The improvement of same-store sales, relative to competitors in the casual dining space, was a key crux to my bullish thesis for Brinker and this quarter obviously further solidifies my confidence in the sustainability of the story.  As the chart above shows, the trend in comps at Chili's – particularly when one looks at the two-year trend – is clearly pointing higher.  Management has emphasized the importance of value and a high-quality guest experience for the health of the company’s top-line and, it seems, the customer is responding well to initiatives ranging from “Team Service”, improved speed of service thanks to food preparation initiatives, and new lunch menu items at affordable price-points. 

The company highlighted the substantial impact on comps from the new line of combos on the lunch menu.  While traffic at lunch moved from negative mid-single digits to positive, there was also an expected impact on mix resulting from a lower check.  Preference for these $6/$7/$8 items were higher than anticipated based on test results and management said that it will continue to work to balance top-line growth and profitability.  In my view, as the company continues what is ultimately a reintroduction of the new Chili’s to the casual diner, traffic growth is paramount so as to raise awareness of a much improving restaurant chain.  When asked about the prospect of raising prices during the Q&A, the company reiterated its prioritization of traffic which, I believe, is the correct strategy for Chili’s at this point in time.

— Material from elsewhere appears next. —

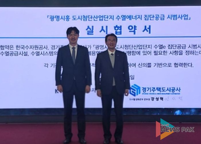 뉴스팍 배상미 기자 | 경기주택도시공사(GH)는 3일 GH 수원 본사 9층 역량개발센터에서 한국수자원공사(K-water)와 함께 ‘광명시흥 도시첨단산업단지 수열에너지 집단공급 시범사업’ 추진을 위한 실시협약을 체결했다고 밝혔다. 이 자리에는 양 기관 관계자 약 30명이 참석했다.

Besides the trend, merely comparing the language and tone of Brinker’s earnings call versus the earnings calls of peer companies that have reported of late underscores the progress Brinker is making.   As I wrote in my restaurants earnings preview on Monday, Brinker would not point to gas prices as an excuse and that alone sets it apart for the earnings season so far. 

Operating Margin

 

EAT: RISING ABOVE AND TAKING SHARE - EAT pod 2

Restaurant operating margins grew 152 bps year-over-year.  Cost of sales decreased 127 bps driven by a more profitable value offer in January and menu improvements.  There was also a 50 basis point improvement due to a favorable impact from menu pricing and other items.  Commodity costs were unfavorable in the quarter to the tune of 10 basis points.  Labor improved 60 basis points in 1Q.  Team service continues to perform well, contributing roughly 100 basis points in savings.  1Q included the first phase of the kitchen retrofit program which will optimize the labor component of food preparation.  This should reduce labor costs and cost of sales through food waste reduction.



Reimaging program

The company estimates that the reimaged restaurants are seeing a lift of approximately 100 basis points from a margin perspective.  Changes in the kitchen were rolled out late last quarter and it is expected that the impact of that will gain additional traction over time.  In terms of the margin enhancements that are projected to come from the kitchen retro-fits, it will take time – perhaps into FY13 – for the benefit to flow through the system.  The Oklahoma City reimage test has been encouraging for management and has prompted a move to expand the reimaging program to additional markets.

 

Share Repurchases/Capital Expenditure


During the 3QFY11, the company completed an additional $107 million share repurchase (4.5 million shares).  Year-to-date, the company has spend $357 million on share repurchases (18 million shares).  Total fiscal 2011 capital expenditure is expected to by approximately $80 million.  Capex in 2012 is projected to be $170 million.

Outlook

  • The company offered conservative EPS guidance of $0.43 to $0.47 but remains confident in doubling EPS in five years.
  • From a commodity perspective, the company is currently 92% contracted through the end of the year.   4Q is expected to bring slightly unfavorable cost of sales.  The company is 54% contracted through the end of calendar 2011 and anticipates roughly 100 basis points in commodity pressure for fiscal 2012. 
    • Beef remains the most significant inflationary pressure in EAT’s commodity basket.  In August, the current contract expires and, if renewed at current prices, a new contract would likely involve a significant increase in inflation. 
    • The company is hoping to renew its chicken contract at a more favorable rate given deflationary pressures in the chicken market.
    • Dairy costs are contracted and management believes that the company could expect favorability in fiscal 2012 if the contract was renewed.

Sentiment and Valuation


A conversation I had last year with Guy Constance comes to mind.  “A badge of honor” is how he described the label of being the least favored casual dining company from a sentiment monitor I wrote in November (“EAT – A BADGE OF HONOR”, 11/14/11).  Below, I am including a chart on sell side sentiment for Brinker.  I expect this to change markedly in the coming quarters.  From a valuation perspective, EAT remains attractive.   At 6.7x EV/EBITDA NTM, I believe there is room for that multiple to expand. 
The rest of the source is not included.